KSAL Staff - July 25, 2016 8:00 am
MAC STEVENSON LIVES IN SALINA, AND WRITES A WEEKLY COLUMN FOR OVER TEN NEWSPAPERS IN KANSAS
The Kansas City Royals’ hitters swing at more pitches that are well out of the strike zone than any other team in Major League Baseball. And this lack of focus and concentration has been a major weakness of Royals’ baseball ever since Ned Yost became manager.
This is a disastrous flaw; it’s not just one or two players, almost all of KC’s hitters are guilty. But the everyday players who are the most flagrant offenders are Alcides Escobar, Eric Hosmer, Salvy Perez, Kendrys Morales, and Alex Gordon. That’s five of nine regulars who consistently refuse to be selective on which pitches they try to hit. Royals’ hitters let pitches go that are right down the middle and then strike out swinging at balls they can’t even reach.

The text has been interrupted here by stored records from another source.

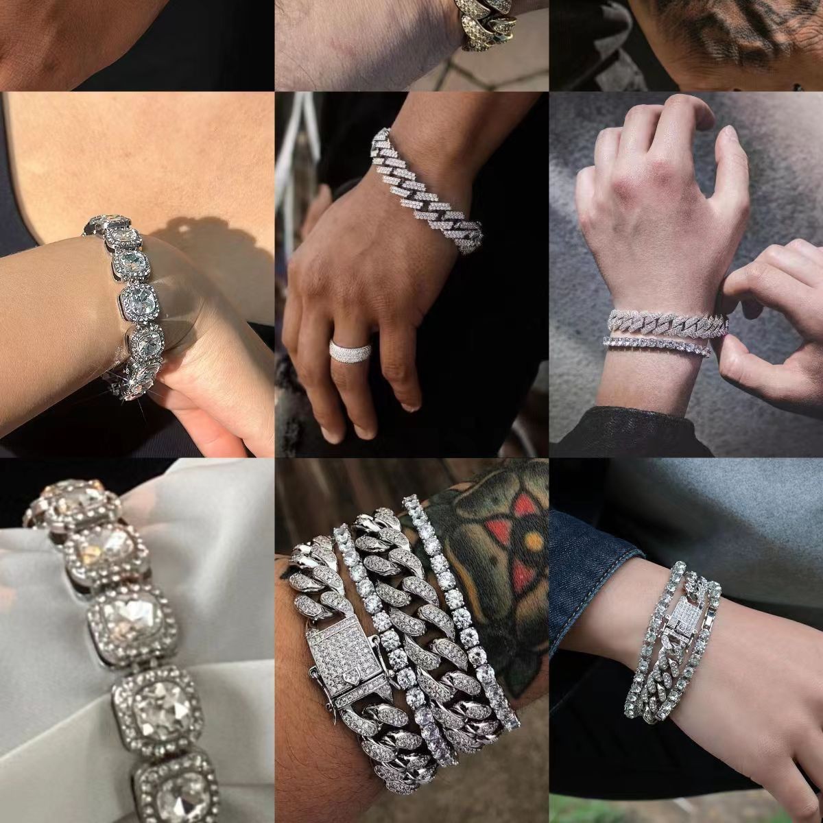 Europe and the United States cross-border hot 24AA claw chain bracelet men's hip hop diamond bracelet rhinestone chain wish explosion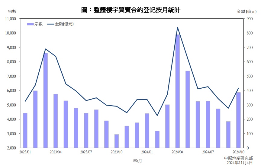 10月份整体住宅楼宇买卖登记录4,697宗及372.75亿港元,较9月的2,848宗及208.38亿港元,分别上升64.9%及78.9%,宗数及金额齐创今年5月后近5个月新高。首10个月住宅楼宇录42,698宗及3,645.32亿港元,已达2023年全年43,002宗及3,892.47亿港元的99.3%及93.7%。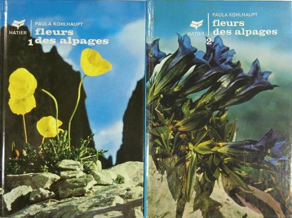 Edition Hatier, collection "Couleurs de la nature", 1976 & 1978. 2 volumes in-8 (19 x 12 cm) cartonnage éditeur illustré en couleurs, nombreuses photographies en couleurs de l'auteur, 256 & 256 pages. Notions botaniques, répartition par famille, genre, espèce, renseignements pittoresques sur la vie curieuse de la flore de montagne, utilistation de ces plantes dans la médecine de l'Antiquité et de la médecine populaire des siècles passés

Yost sits in the dugout—looking like a wooden statue—and watches the hitters get themselves out time after time by swinging at bad pitches. He never even changes his expression.
Yost and his hitting coach, Dave Sveum, need to do away with the nice- guy persona and start chewing on these Royals’ hitters who are not performing like professionals—it amounts to unacceptable behavior. It would be enlightening to know how pleasant the late, great Brooklyn manager Leo Durocher would have been to his players if they had developed this ridiculous approach to hitting. Durocher was known for a famous quote: “Nice guys finish last.” KC isn’t last, but they sure aren’t playing like champions and Yost and Sveum need to get in the face of the bad-ball hitters.
Kansas City isn’t going to make the playoffs; the ballclub is coming apart and there’s no answer to their dire straits. And what’s equally troubling is that many of the Royals’ key players are close to free agent status. KC’s minor league talent has declined and the future is not promising. The 2015 World Series champions are quickly becoming “old news”.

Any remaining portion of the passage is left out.